One of the core ideas of Industry 4.0 has been the use of digital twin networks (DTNs). A DTN facilitates the co-evolution of real and virtual things through the use of DT modelling, interactions, computation, and information analysis systems. A DT simulates product lifecycles to forecast and optimize manufacturing systems and component behavior. Industry and Academia have been developing digital twin (DT) technology for real-time remote monitoring and control, transport risk assessment, and intelligent scheduling in the smart industry. This study aims to design and simulate a comprehensive digital twin model connecting three factories to a single server. It incorporates remote network control, IoT integration, advanced networking protocols, and security measures. The model utilizes the Open Shortest Path First (OSPF) routing protocol for seamless network connectivity within the interconnected factories. The Access Control List (ACL) and authentication, authorization, and accounting (AAA) mechanisms ensure secure access and prevent unauthorized entry. The digital twin model is simulated using Cisco Packet Tracer, validating its functionality in network connectivity, security, remote control, and motor efficiency monitoring. The results demonstrate the successful integration and operation of the model in smart industries. The networked factories exhibit improved operational efficiency, enhanced security, and proactive maintenance.

1. Introduction

A digital twin network is a computer simulation model of a communication network, including the environment in which it operates and the application traffic it carries. It uses the Internet of Things (IoT) to enhance decision making in complicated systems by facilitating learning and reasoning. According to a study, adopting DT and IoT technologies is projected to generate economic benefits ranging from USD 5.5 trillion to USD 12.6 trillion worldwide by 2030. The smart manufacturing industry is predicted to expand from USD 214.7 billion in 2020 to USD 384.8 billion in 2025, with a CAGR of 12.4% [1]. Despite smart manufacturing’s many advantages, including integrated components and digitization, maintenance remains a significant obstacle. Maintenance is a pivotal determinant that exerts a significant economic impact on the sector, garnering notable emphasis in the era of digitalization. The entire manufacturing cost is projected to include maintenance expenses ranging from around 15% to 40% [2]. Based on the U.S. Department of Energy findings, it has been shown that predictive maintenance offers cost savings of around 8-12% compared to preventive maintenance and can yield savings of up to 40% compared to reactive maintenance [3]. The adoption rate of predictive maintenance experienced a modest increase from 47% to 51% from 2017 to 2018. This implementation of predictive maintenance strategies reduced equipment failure rates from 61% to 57% [4]. Hence, the maintenance process exerts a direct impact on the economic aspects of the industry. Furthermore, in the contemporary era of Industry 4.0, the utilization of intelligent maintenance techniques incorporating digital twin (DT) technology has the potential to yield substantial advantages compared to existing maintenance methodologies [5].
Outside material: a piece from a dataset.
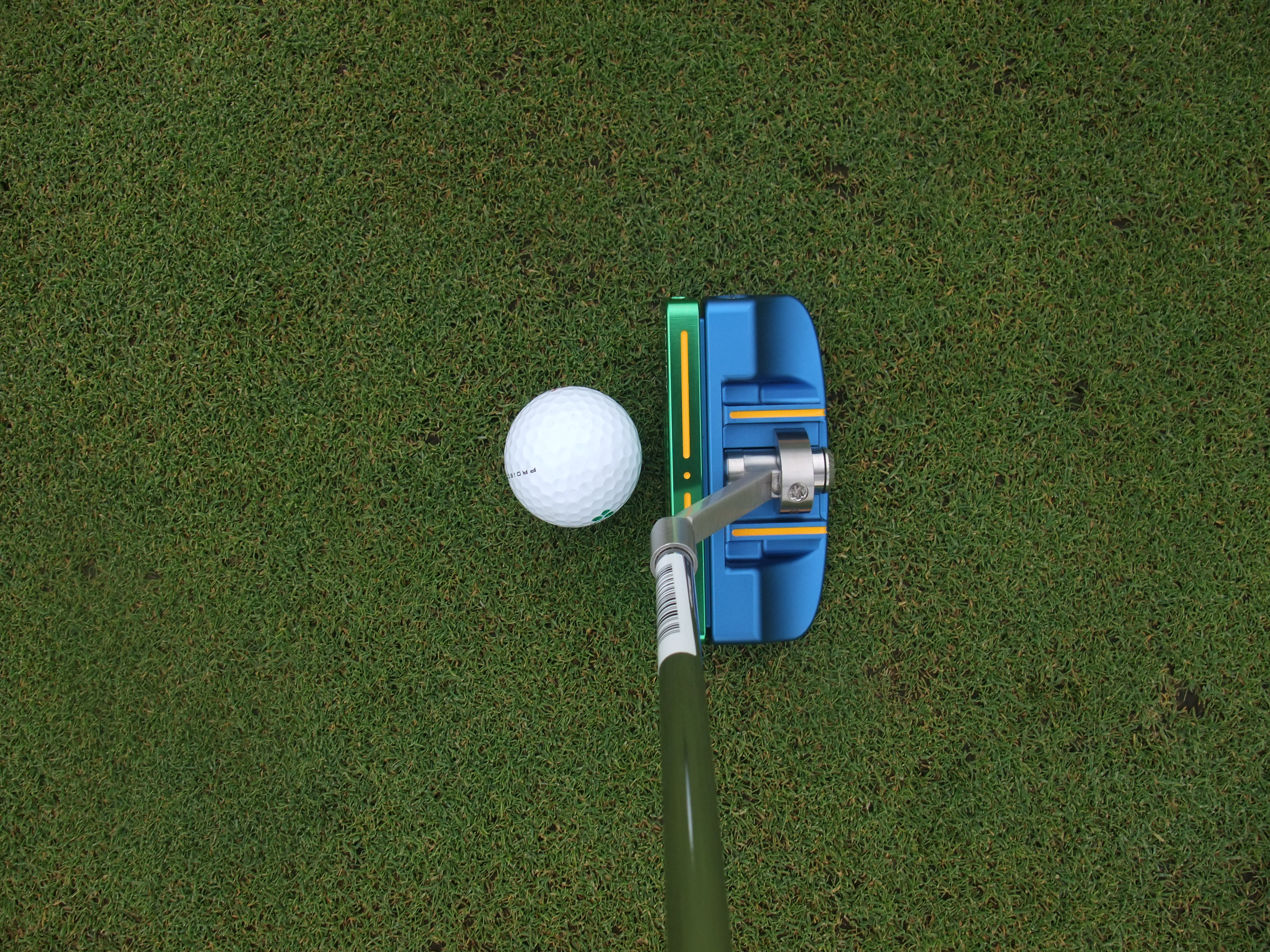 Aesthetically, the Happy putter is very appealing. The CNC-machined aluminum face is a lighter green, while the aluminum blue head is a nice contrast. It's not distracting at all, even if you're used to a traditional metal look. It definitely stands out, but in a good way. It's a lot of fun to take off the head cover and start practicing with it. There are just so many possibilities that, even if you're locked into a series of settings, it's hard not to feel excited to use it -- like you're in on a secret.
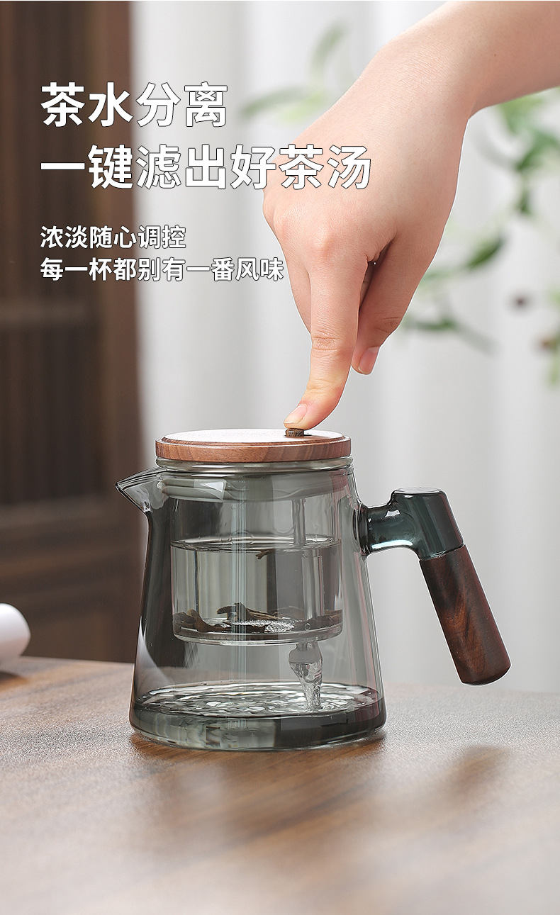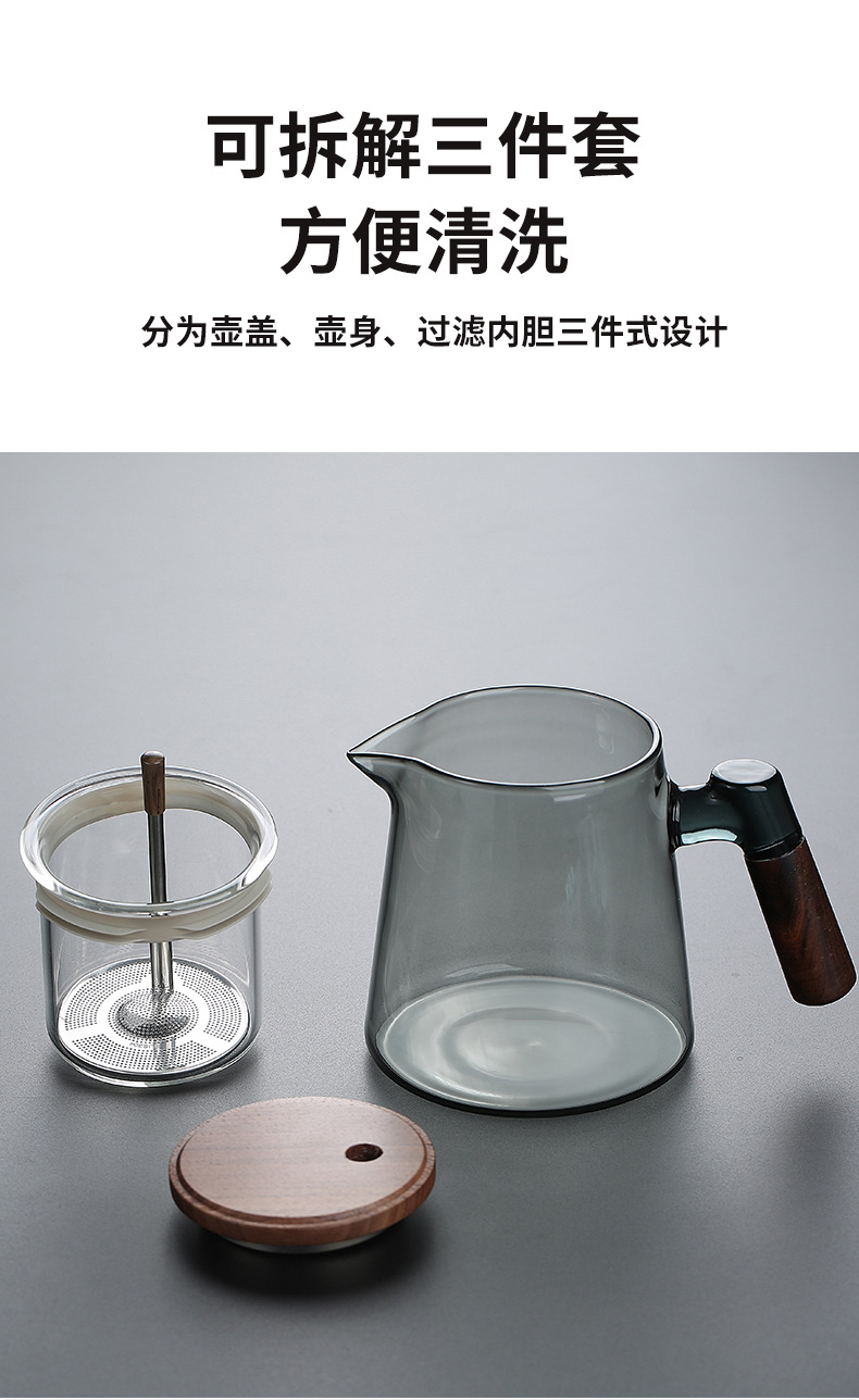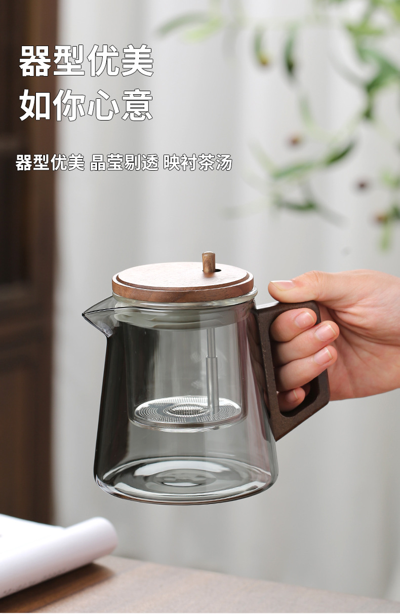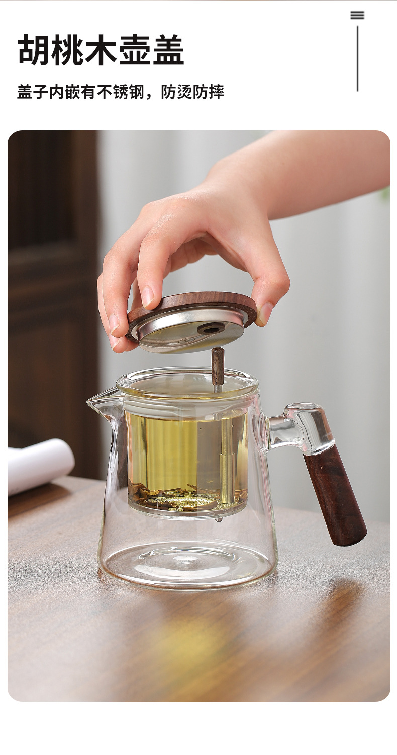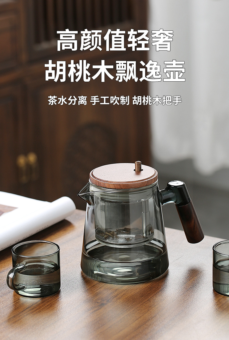 新款泡茶壶家用耐热玻璃内胆飘逸杯茶水分离泡茶壶胡桃木把手加厚

Therefore, it is imperative to comprehend the concept of a digital twin and the potential of digital twin technology in facilitating an organization’s digital transformation. A digital twin refers to a computer-generated model replicating a tangible object’s characteristics and behavior or a procedural operation. Digital twins undergo dynamic transformations throughout the life cycles of entities and processes, facilitated by utilizing real-time IoT data. Novel network applications have emerged as a result of society and industry being digitally transformed [6]. The complex requirements for these applications make it difficult for them to be managed by conventional network management techniques like network overprovisioning or admission control. For instance, cutting-edge communication technologies like holographic telepresence and augmented reality/virtual reality demand extremely low deterministic latency, yet modern industrial advancements like vehicular networks demand real-time network topology adaptation. The behavior of current networks is very dynamic and heterogeneous due to the rapid increase in linked devices. Modern communication networks have become so sophisticated and expensive to manage as a result. The DT paradigm has lately been adopted by other industrial sectors to describe complex and dynamic systems [7]. A DT’s primary strength is in its ability to accurately replicate a complex system, eliminating the need for costly, time-consuming human interaction. A DT enables Industry 4.0 general network architecture, as shown in Figure 1.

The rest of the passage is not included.